**SUPPLIED MATERIAL**
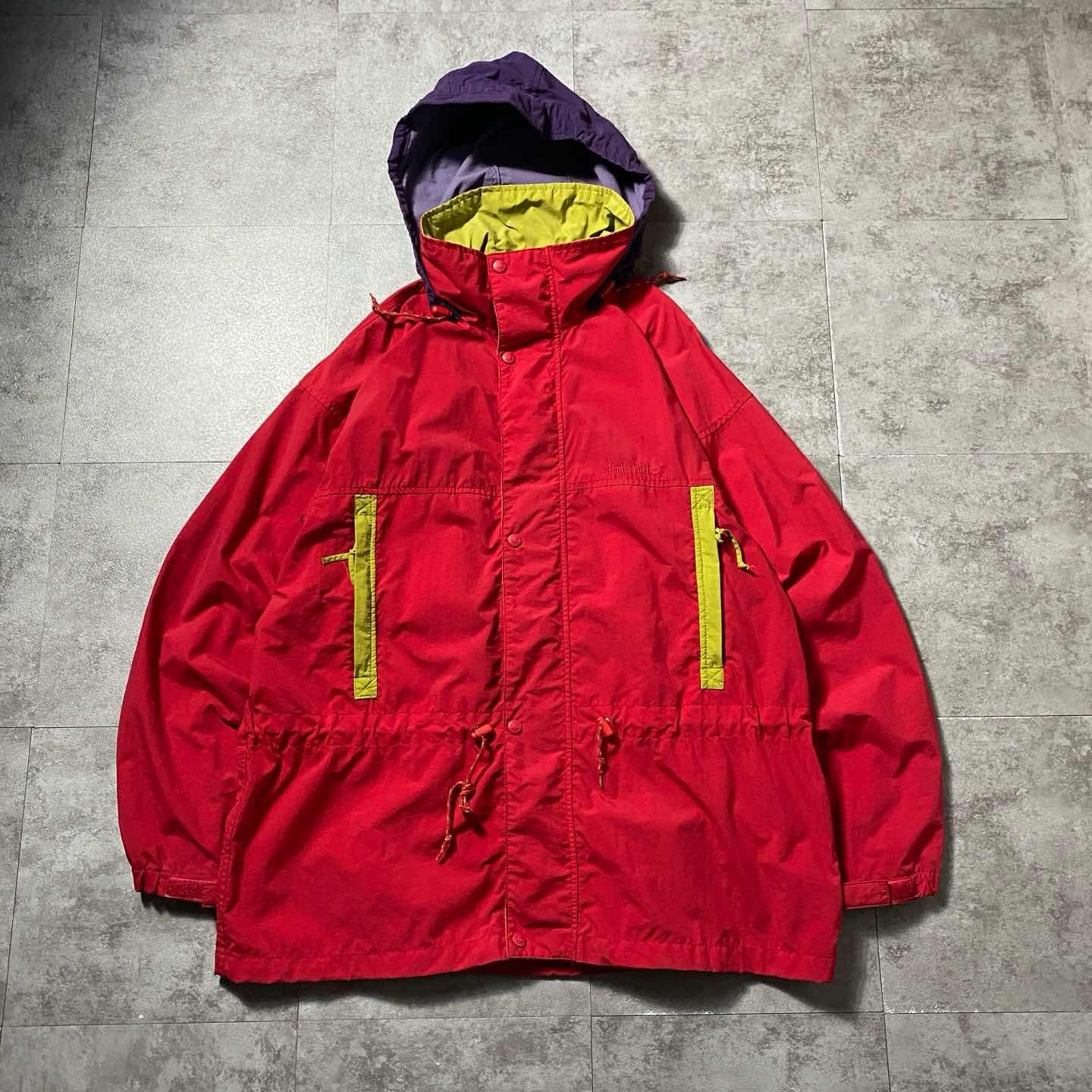 【XL】90s ティンバーランド 刺繍ロゴ 好配色 ナイロンマウンテンジャケット
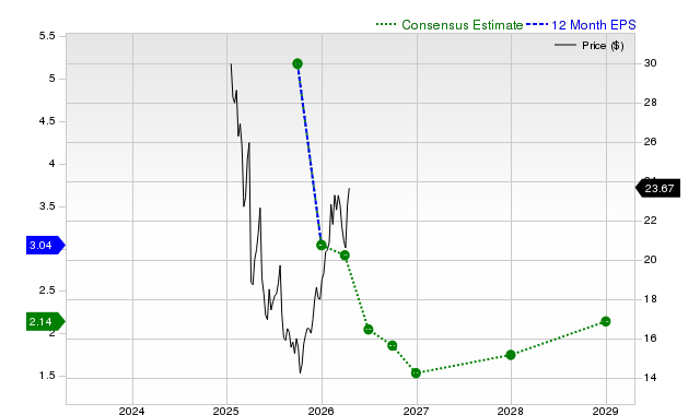The company is expected to earn $0.34 per share for the current quarter, which represents a year-over-year change of -26.1%.
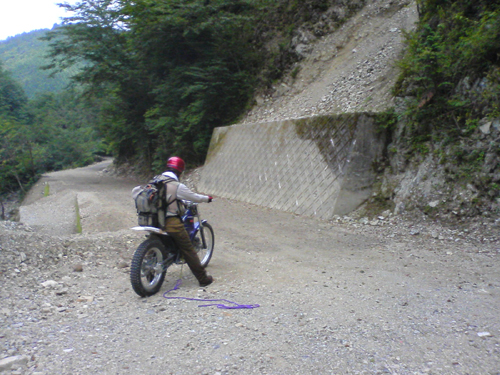 Mさんのトライアルバイクにロープをつけ引いてもらう。

**TASK**
Quote precisely the lines of the data from the line containing "The company is" through its final line, both included, excluding pictures.

**YOUR SOLUTION**
The company is expected to earn $0.34 per share for the current quarter, which represents a year-over-year change of -26.1%.
 Mさんのトライアルバイクにロープをつけ引いてもらう。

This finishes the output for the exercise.